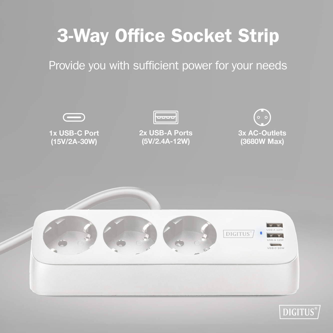 Опис Блок розеток DIGITUS Office, 3xSchuko, 2xUSB-A, 1xUSB-C, 16A, 1.5м, вилка Schuko, білий
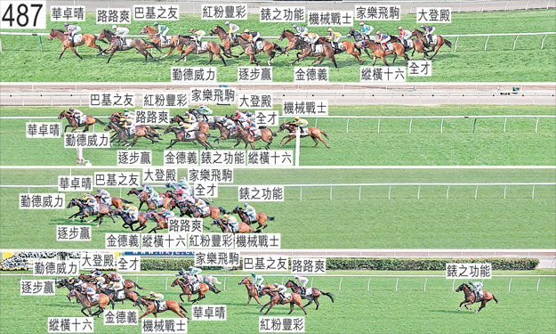 「機械戰士」於起步時被「紅粉豐彩」碰撞,當時「紅粉豐彩」向內斜跑。「家樂飛駒」出閘僅屬一般,其後傾向內閃,靠近「錶之功能」處於窘境。「大登殿」及「全才」均出閘緩慢,早段在馬群之後切入。接近千二米處時,「勤德威力」昂首及搶口。「家樂飛駒」於中段搶口,接近一千米處時在收慢避開「錶之功能」的後蹄之際昂首。「大登殿」於接近四百五十米處時一度受困。跑過四百五十米處時,「錶之功能」外閃及避開「紅粉豐彩」,碰撞「金德義」。趨近二百米處時,「全才」在「巴基之友」之後受困,移至該駒內側以望空。「逐步贏」的騎師巴度因在直路上多次對坐騎右肩用鞭而被罰款七千五百元。被查詢有關「金德義」的騎法時,布文表示,儘管他未有獲發明確指示要讓坐騎上前,但馬主及練馬師均認為坐騎會順其自然地佔取前列位置。他說,他認為賽事早段步速偏快,導致坐騎居較賽前預期為後的位置。他又說,坐騎於早段及中段沿途均未能取得遮擋,而賽事步速於接近千二米處時減慢,導致坐騎於此階段走勢較佳,因此他不願讓坐騎展步上前。他又說,他決定讓坐騎留居中間位置也是受到坐騎居頭馬「逐步贏」之後及外側的位置影響,他曾預期倘若他讓坐騎發力上前,坐騎將被帶出較外疊。他進一步表示,「逐步贏」於八百米處向外斜跑,他得以讓坐騎在該駒之後取得遮擋,並於入直路時跟隨該駒,其後將坐騎移至該駒外側,坐騎繼而望空及不受干擾地競跑至終點。獸醫於賽後立即檢查「錶之功能」,並無發現任何明顯異常之處。「勤德威力」、「逐步贏」及「縱橫十六」均須抽取樣本檢驗。
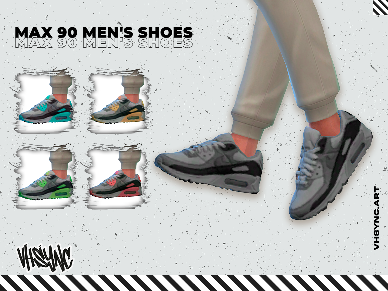 Este contenido personalizado es justo lo que necesitas: Max 90 Men’s Shoes para Los Sims 4, un par de zapatillas deportivas con diseño realista y detallado, perfectas para sims que quieren destacar con un look casual pero con estilo.
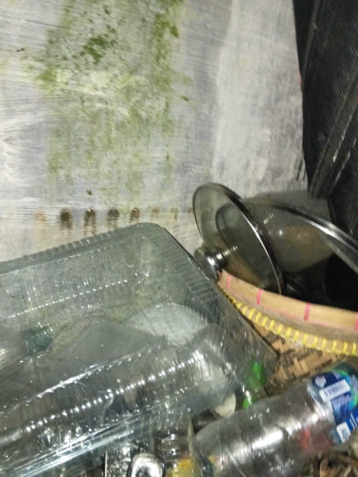The image presents a close-up view of an accumulation of household items within an indoor or semi-sheltered area in Kampung Buang Abai, Malaysia. The background consists of a light-colored wall, possibly concrete or painted plaster, exhibiting patches of green organic growth (likely algae or mold) and horizontal lines indicative of previous moisture exposure or irregular surface. In the foreground, a large, clear rectangular plastic container with a ridged lid occupies the left half of the frame. It appears to be empty or contains indistinct items. Below and around this container, several clear plastic bottles, some crumpled, are visible. One bottle, partially obscured in the lower right, bears a blue and white label, suggesting it contained bottled water. To the right, kitchenware is stacked, featuring a dark pot or pan covered by a clear glass lid with a central silver knob. This stack is situated within or next to a woven basket, characterized by a light brown rim and yellow and pink woven patterns. Further to the extreme right, a portion of a dark, mesh-like object, potentially a laundry hamper or storage basket, is discernible. No individuals, actions, or interactions are present in the scene, which depicts a static arrangement of domestic objects in a state of informal storage.
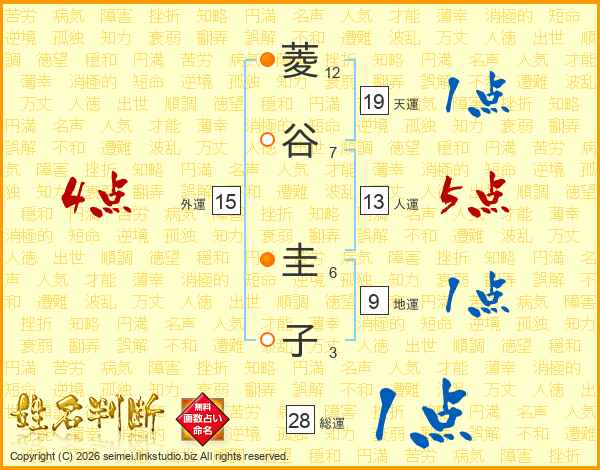 菱(12画)谷(7画) 圭(6画)子(3画)
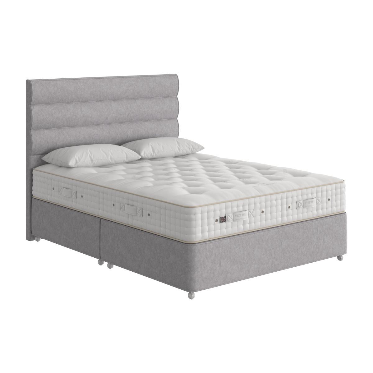 The Sublime Superb from Vispring is a luxuriously handcrafted divan bed like no other. The mattress pampers you with exclusive, all-natural fillings including horsetail, cotton, silk, mohair and Shetland wool. Within the mattress, two layers of Vispring’s famous 6 turn vanadium steel springs offer responsive support. The mattress rests on a solid timber sprung base in a wide choice of fine upholstery. Headboard is an optional extra. Handcrafted divan bed with a luxuriously filled Vispring mattress. All natural fillings include horsetail, cotton, silk, mohair and Shetland wool. With 2520 vanadium steel pocket springs in 2 layers (5 foot size). Soft ticking upholstery, hand tufted, 4 rows of hand side-stitching. Wool and coir upholstered borders with air vents and handles. Divan base with solid timber frame and 1344 hand-nested springs. Base fillings are coir, British fleece wool and cotton. The divan is upholstered in your choice of luxury fabrics. Did you know?. The mattress should be aired for four hours after delivery to freshen and remove any aroma from storage. It may take time for your mattress to attain its full size once the springs have settled to the correct position. This is due to the mattress being upright during transit. Settlement of fillings and indentations caused by body weight compressing the fillings are natural and not considered defects. This can be minimised by regular rotating (unless yours is a dual tension mattress). Product images are representative. Find out more.
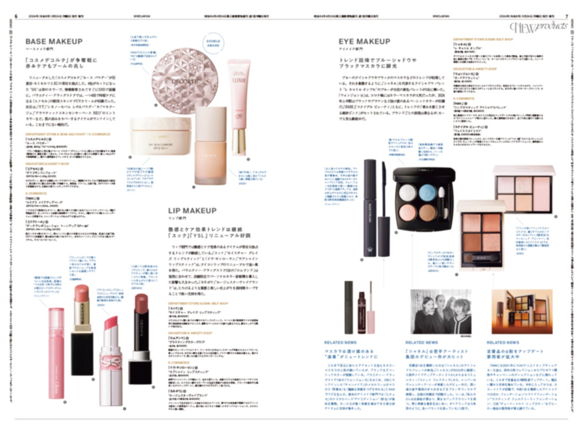 そんな印象的なアイメイク部門をはじめ、「WWDBEAUTYベストコスメ」では、全国の百貨店・セミセルフ、バラエティー・ドラッグストア、ECにアンケート調査を実施し“売れた”アイテムを選出しました。2024年上半期は39店舗の協力の下、1〜4月に発売したニュープロダクト(新商品)とこれまで発売された全商品のヒーロープロダクト(総合)に分け、ベスト3を発表します。表紙を飾ったトリンドル玲奈さんのインタビューも注目の本号を、今期を総括した保存版としてぜひチェックしてみてください。
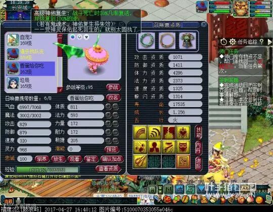 鼓浪屿159的MW号,育兽术满,潜能果也满,4只坐骑成长满!
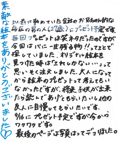 オリジナル絵本を見つけた時は「これしかない、、、」って思い、そく注文しました。
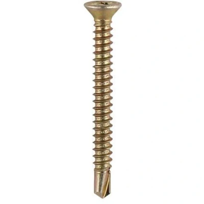 General description These TIMco 3.9 x 38mm Self Drilling PVC CSK Screws are designed for versatile applications, allowing for the fitting of various hardware to frames that include steel or aluminum reinforcement. The self-tapping thread and self-drilling point ensure easy installation and secure fastening. Technical specifications Size: 3.9 x 38mm Bit size: PH2 Colour: Zinc & Yellow Box Quantity: 1000
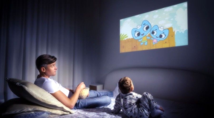 The principle of the projector is quite simple. It copies an image from the screen of a computer device and transfers it in large size to any flat surface.
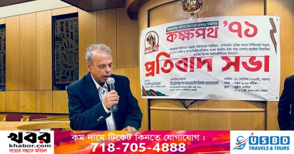 প্রিয় মাতৃভূমির বর্তমান অবস্থার পরিপ্রেক্ষিতে মুক্তিযুদ্ধ, ৭২ র সংবিধান, আইনের শাসনের প্রতিষ্ঠার ও আদালত এবং আইনজীবীদের মর্যাদা রক্ষার্থে- কক্ষপথ -৭১ নিউইর্য়ক, যুক্তরাষ্ট্রের উদ‍্যদে এক প্রতিবাদ সমাবেশ আনুষ্ঠিত হয় গত ১২ সেপ্টেম্বর ২০২৫,শুক্রবার, সন্ধ্যা  সাড়ে ৭টায়  নিউইয়র্কের বাংগালি অধ‍্যশিত জুইস সেন্টার । ।খবর আইবিএননিউজ ।বাংলাদেশের স্বাধীনতা সংগ্রামের চেতনায় উজ্জীবিত “ কক্ষপথ’৭১” এর প্রবাসীসআইনজীদের এই  প্রতিবাদ সমাবেশের  কক্ষপথ-৭১ মূল দাবী, একাত্তরের স্বাধীনতা সংগ্রাম, বায়াত্তরের সংবিধান সুরক্ষা,শোষন মুক্ত সমাজ প্রতিষ্টা আইনের শাসন ও মানবাধিকার প্রতিষ্টা, বাংলাদেশ সংবিধানের মূলনীতি,বাংগালি জাতীয়তাবাদ, সমাজতন্ত্র,গনতন্ত্র ও ধর্মনিরপেক্ষতা পুন- প্রতিষ্ঠার লক্ষ্যে উক্ত প্রতিবাদ সভায় সভাপত্বি করেন সংগঠনের আহ্বায়ক বীর মুক্তিযোব্ধা অ্যাডভোকেট শেখ আখতার উল ইসলাম এবং  যুগ্ম আহ্বায়ক অ্যাডভোকেট মিয়া জাকির এর পরিচালনায় অনুষ্ঠিত হয় ।
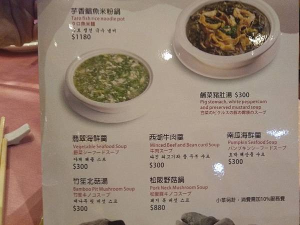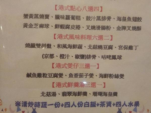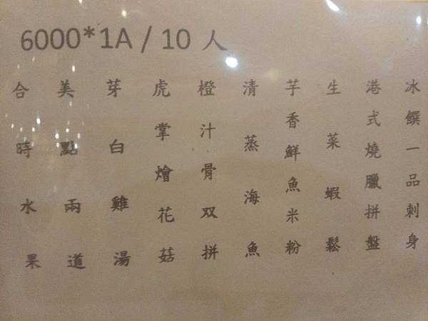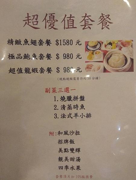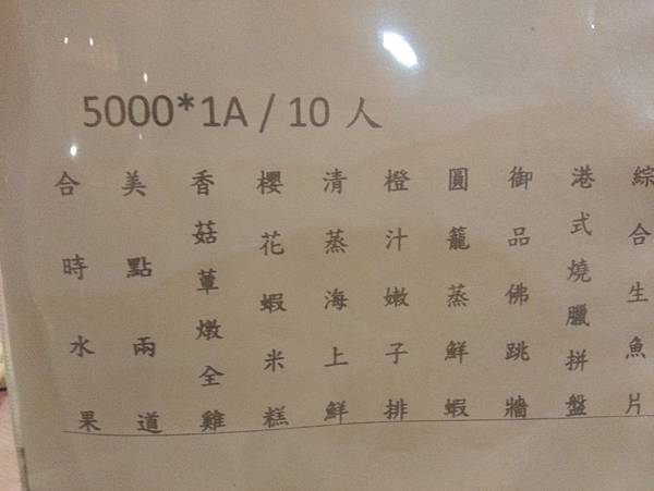其他菜單,台北市竟然也有1桌5000元的桌菜,也只有老牌餐廳會推出這種經濟價位,聽說佛跳牆味道很好
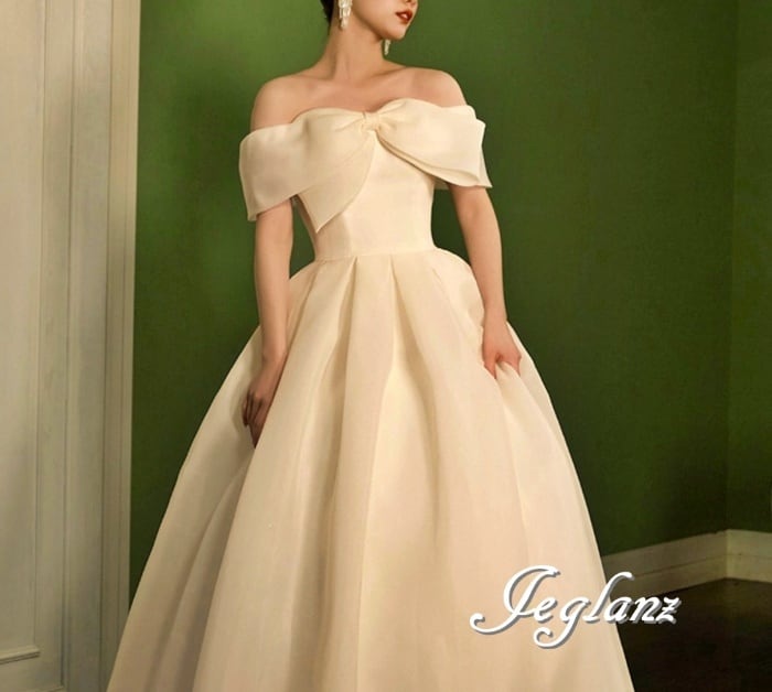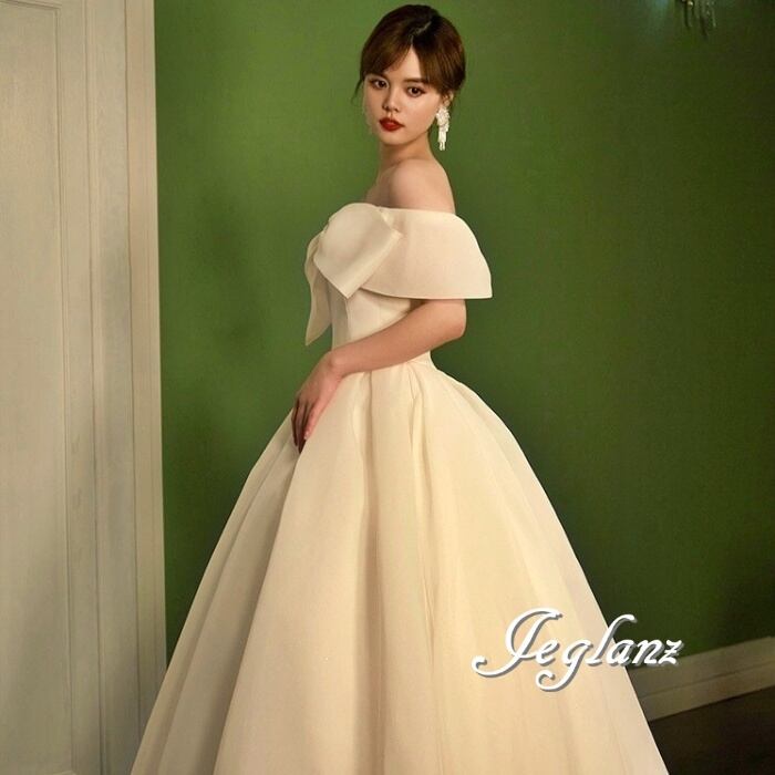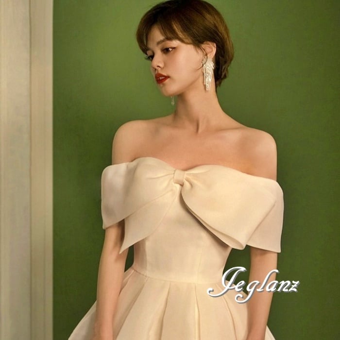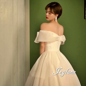 サテン ウエディングドレス オフショル 背中 編み上げ ミニマル(M7232)ο

WORK ORDER | Using the records above, repeat exactly the run of lines that starts with the line with "菱(12画)谷(7画) 圭(6画)子(3画)" and goes on through the line with "そんな印象的なアイメイク部門"; omit each picture.

RESPONSE |
 菱(12画)谷(7画) 圭(6画)子(3画)
 The Sublime Superb from Vispring is a luxuriously handcrafted divan bed like no other. The mattress pampers you with exclusive, all-natural fillings including horsetail, cotton, silk, mohair and Shetland wool. Within the mattress, two layers of Vispring’s famous 6 turn vanadium steel springs offer responsive support. The mattress rests on a solid timber sprung base in a wide choice of fine upholstery. Headboard is an optional extra. Handcrafted divan bed with a luxuriously filled Vispring mattress. All natural fillings include horsetail, cotton, silk, mohair and Shetland wool. With 2520 vanadium steel pocket springs in 2 layers (5 foot size). Soft ticking upholstery, hand tufted, 4 rows of hand side-stitching. Wool and coir upholstered borders with air vents and handles. Divan base with solid timber frame and 1344 hand-nested springs. Base fillings are coir, British fleece wool and cotton. The divan is upholstered in your choice of luxury fabrics. Did you know?. The mattress should be aired for four hours after delivery to freshen and remove any aroma from storage. It may take time for your mattress to attain its full size once the springs have settled to the correct position. This is due to the mattress being upright during transit. Settlement of fillings and indentations caused by body weight compressing the fillings are natural and not considered defects. This can be minimised by regular rotating (unless yours is a dual tension mattress). Product images are representative. Find out more.
 そんな印象的なアイメイク部門をはじめ、「WWDBEAUTYベストコスメ」では、全国の百貨店・セミセルフ、バラエティー・ドラッグストア、ECにアンケート調査を実施し“売れた”アイテムを選出しました。2024年上半期は39店舗の協力の下、1〜4月に発売したニュープロダクト(新商品)とこれまで発売された全商品のヒーロープロダクト(総合)に分け、ベスト3を発表します。表紙を飾ったトリンドル玲奈さんのインタビューも注目の本号を、今期を総括した保存版としてぜひチェックしてみてください。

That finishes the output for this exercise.